Blockchain has already made significant waves in
the financial sector, and although use cases for the technology’s ability to
support environmental, sustainability, and governance goals may still be in
their nascent stages, organisations that have leveraged blockchain in their
sustainability efforts have seen notable early success. Blockchain promises to
overcome these critical aspects, representing ‘‘a shift from trusting people to
trusting math’’ since human interventions are no longer necessary. Already,
through the evolution of different types of blockchain protocols such as
Ethereum which makes smart contracts possible, a vast ecosystem of
Decentralised Applications (DApps) is being created and disrupting industries
such as Trade Finance, Law, Real Estate, Investment Banking, Central Banks, and
The World Economic Forum has highlighted the
potential for the technology to build resilient and transparent supply chains,
to create stronger and more accountable public institutions and to spur
responsible sourcing and sustainable consumption of goods and services.
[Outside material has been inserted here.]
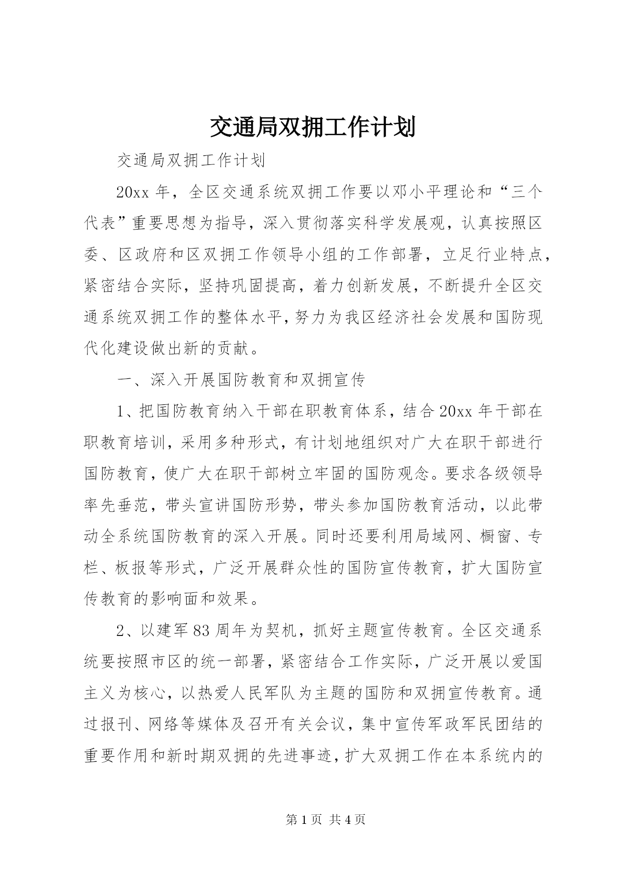 第PAGE\*Arabic\*MERGEFORMAT4页共NUMPAGES\*MERGEFORMAT4页交通局双拥工作计划交通局双拥工作计划20xx年,全区交通系统双拥工作要以邓小平理论和“三个代表”重要思想为指导,深入贯彻落实科学发展观,认真按照区委、区政府和区双拥工作领导小组的工作部署,立足行业特点,紧密结合实际,坚持巩固提高,着力创新发展,不断提升全区交通系统双拥工作的整体水平,努力为我区经济社会发展和国防现代化建设做出新的贡献。一、深入开展国防教育和双拥宣传1、把国防教育纳入干部在职教

Blockchain-enabled projects refer to a sharing and solidarity economy built on
digital identity to enable social inclusion, elections and political
participation, identity management, individual rights, data privacy,
co-creative and crowdfunding scientific and cultural activities.
Blockchain technology is currently at the same
stage of adoption and usage as the internet was in the same cycle. The current
state of innovation and entrepreneurship to address many of the initial
problems is increasing the number of applications available to every industry
currently utilising a centralised ledger. Blockchain by itself may not be a
panacea to industry or global problems, however, the interaction with
Artificial intelligence and Internet of Things devices has the potential to
transform society. The opportunities far outweigh the perceived costs of
introduction and a ‘wait and see approach may result in competitors gaining a
competitive advantage. In an increasingly Volatile, Uncertain, Complex,
Ambiguous and Digitally Disruptive (VUCAD) world, it may be preferable to fail
fast and learn faster, particularly in matters of defence and security.